An example quoted by the Court of Appeals is a murder case where a person both poisons and suffocates a victim. The jury does not have to be unanimous on whether it was the poison or the suffocation that killed the person, they just have to be unanimous that the defendant murdered the person. The means or theories can be different. 

It is always good to simplify a case as much as possible. In DUI cases I often advise to not include the prongs you are not going to be arguing in jury instructions just to simplify the case for the jury and not get into the weeds. The writing on the wall with unanimity had led me to believe that special verdict forms for DUI cases were a good idea. The Cissel case stands for that being unnecessary. You will have to determine what works best for you in each case, but the DUI statute under Cissel is not viewed as separate offenses or events, but simply alternate means or theories, and unanimity on a special verdict form as been trending in Utah case law does not apply. 

Of course, the Utah Supreme Court could take this case and go another way. There is also the chance that over time caselaw develops that take these arguments a different direction. However, as of this writing, that is the standard for analyzing these DUI cases under unanimity. 

You can read the full opinion here: State v. Cissel

Thursday, September 12, 2024

State v. Fraughton

Recently the Court of Appeals decided a case that shows the importance of using special verdict forms in your DUI jury trial. 

There isn't really anything novel about the facts of the case or the decision made, but it is worth noting that the presence of a special verdict form is what the court relied upon to "easily dispatch" the defendant's arguments on appeal. 

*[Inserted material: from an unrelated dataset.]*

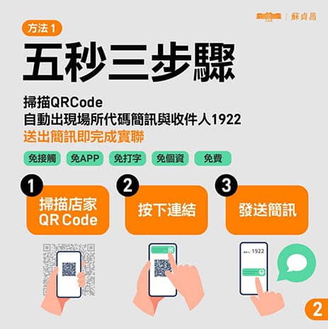 民眾使用這個簡訊服務完全免費、而簡訊紀錄由電信業者保留28天(兩個潛伏期)。甚至是沒有照相功能的手機,也能透過簡訊功能輸入店家碼,即可傳給「1922」完成實聯登記。

It's a short case and one that is not groundbreaking, but it certainly is illustrative and gives guidance on good practices in DUI cases. You may read the full opinion on the link below. 

State v. Fraughton

Monday, August 5, 2024

Reasonable Suspicion and Citizen Informants in DUI Cases

The Utah Court of Appeals recently took up another case that reviewed when a citizen informant's tip can lead to reasonable suspicion for an officer to make a stop. 

The case is actually an ineffective assistance of counsel appeal, however, the court did the analysis to see if the motion defendant was saying counsel should have filed would have any merit or chance of being successful. 

A solid analysis of the factors involved with citizen informant tips and reasonable suspicion was done by the court. Ultimately, the Court of Appeals rejected defendant's argument, stating that there was ample reasonable articulable suspicion for the detention in the case. The ultimate holding was as follows: 

"Before Officer approached Perkins, he received a communication from police dispatch that Witness had observed Perkins purchase beer, open a can while seated in the driver’s seat of his vehicle, and then drive onto the highway. Even though neither Witness nor Officer saw Perkins drive erratically or commit any traffic infractions, the facts relayed by Witness amply support the initial investigative detention because operating a vehicle containing an open container of alcohol or while drinking alcohol is a criminal offense under Utah law."